• WHAT IS NEEDED
Ignore the pictures in the data below and set down exactly the lines from its first line through the line containing "14K Solid Gold".

• DATA EXTRACT
== Segment start ==
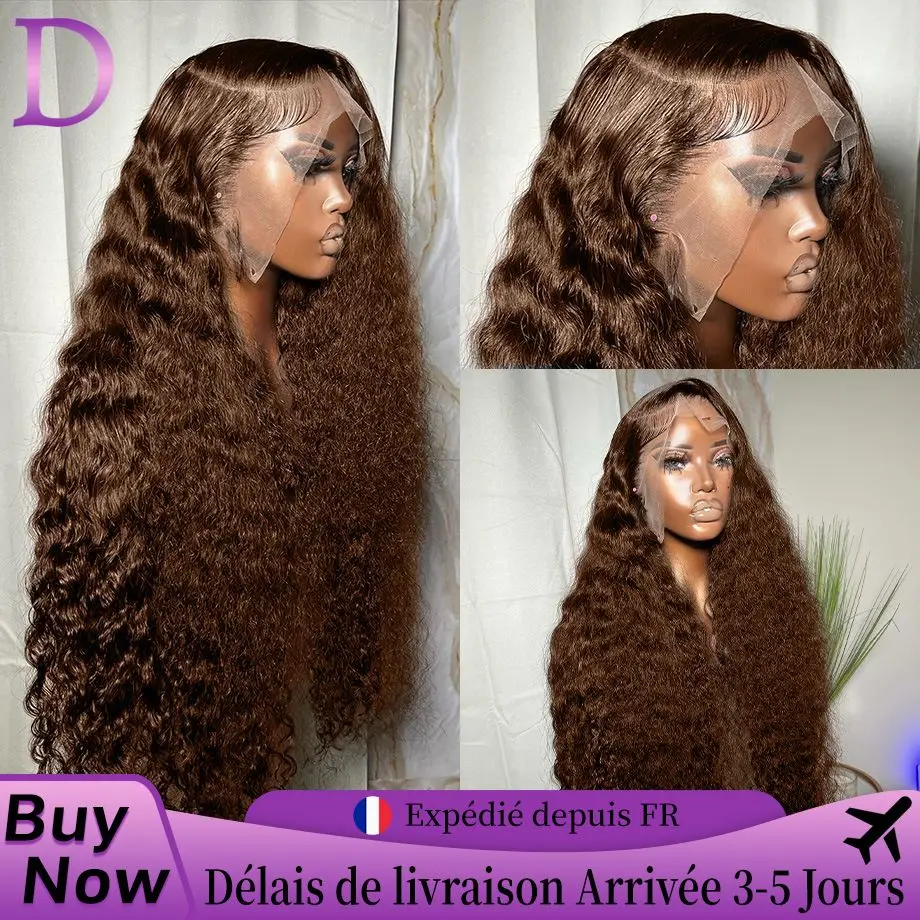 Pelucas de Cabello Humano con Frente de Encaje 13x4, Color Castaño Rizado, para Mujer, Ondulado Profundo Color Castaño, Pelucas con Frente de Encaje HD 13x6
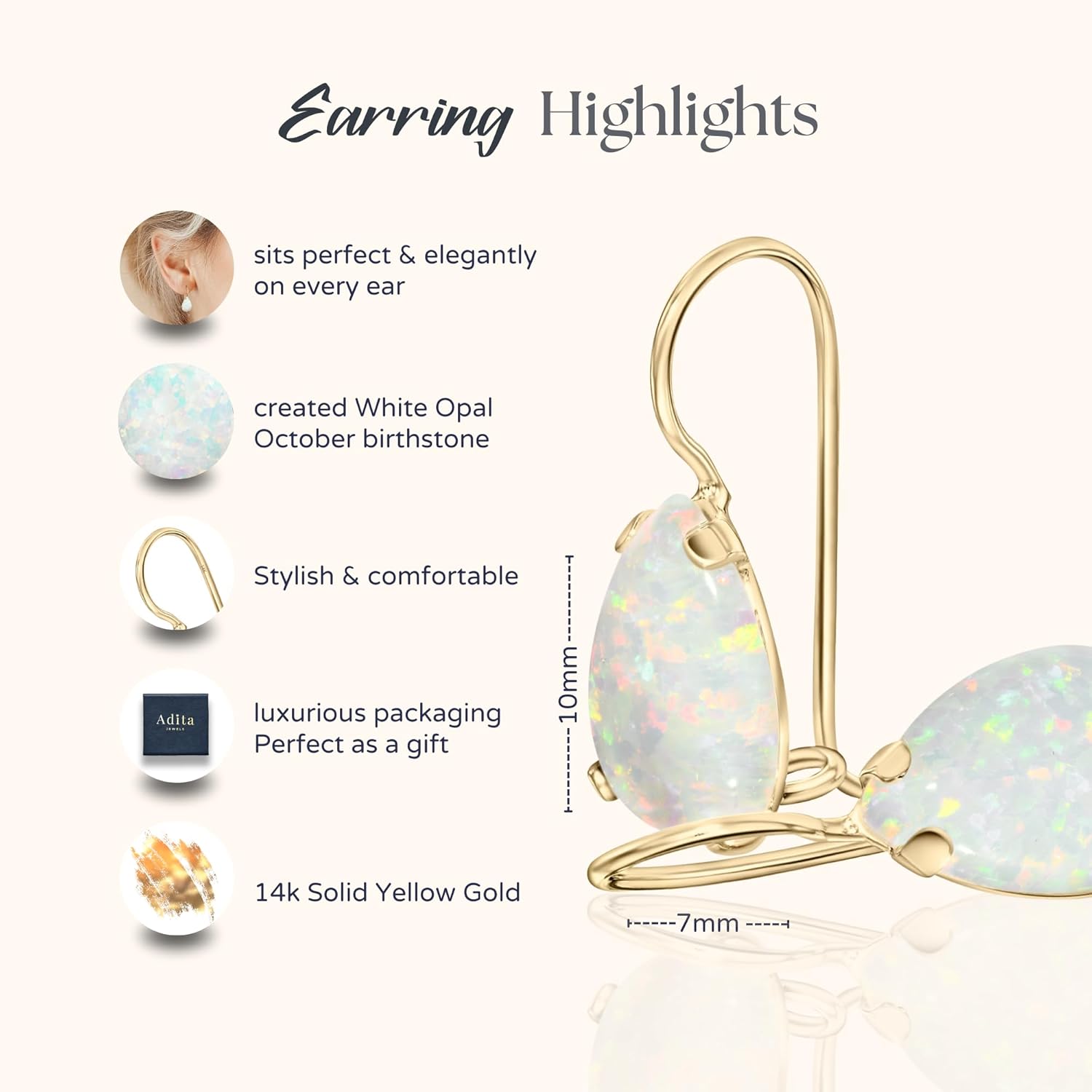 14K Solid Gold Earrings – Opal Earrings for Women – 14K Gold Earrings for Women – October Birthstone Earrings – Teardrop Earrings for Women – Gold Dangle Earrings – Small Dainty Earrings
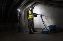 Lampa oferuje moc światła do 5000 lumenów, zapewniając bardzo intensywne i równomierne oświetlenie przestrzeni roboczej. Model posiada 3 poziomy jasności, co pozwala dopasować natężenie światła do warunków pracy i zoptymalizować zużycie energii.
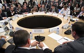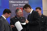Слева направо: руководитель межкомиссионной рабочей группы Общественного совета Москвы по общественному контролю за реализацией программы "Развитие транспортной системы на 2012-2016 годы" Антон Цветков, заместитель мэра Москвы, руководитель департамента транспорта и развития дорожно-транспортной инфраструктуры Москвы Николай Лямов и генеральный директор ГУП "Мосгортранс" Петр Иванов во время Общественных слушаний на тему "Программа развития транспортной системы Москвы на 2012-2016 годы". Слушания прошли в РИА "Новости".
== Segment end ==
• SOLVED EXERCISE
 Pelucas de Cabello Humano con Frente de Encaje 13x4, Color Castaño Rizado, para Mujer, Ondulado Profundo Color Castaño, Pelucas con Frente de Encaje HD 13x6
 14K Solid Gold Earrings – Opal Earrings for Women – 14K Gold Earrings for Women – October Birthstone Earrings – Teardrop Earrings for Women – Gold Dangle Earrings – Small Dainty Earrings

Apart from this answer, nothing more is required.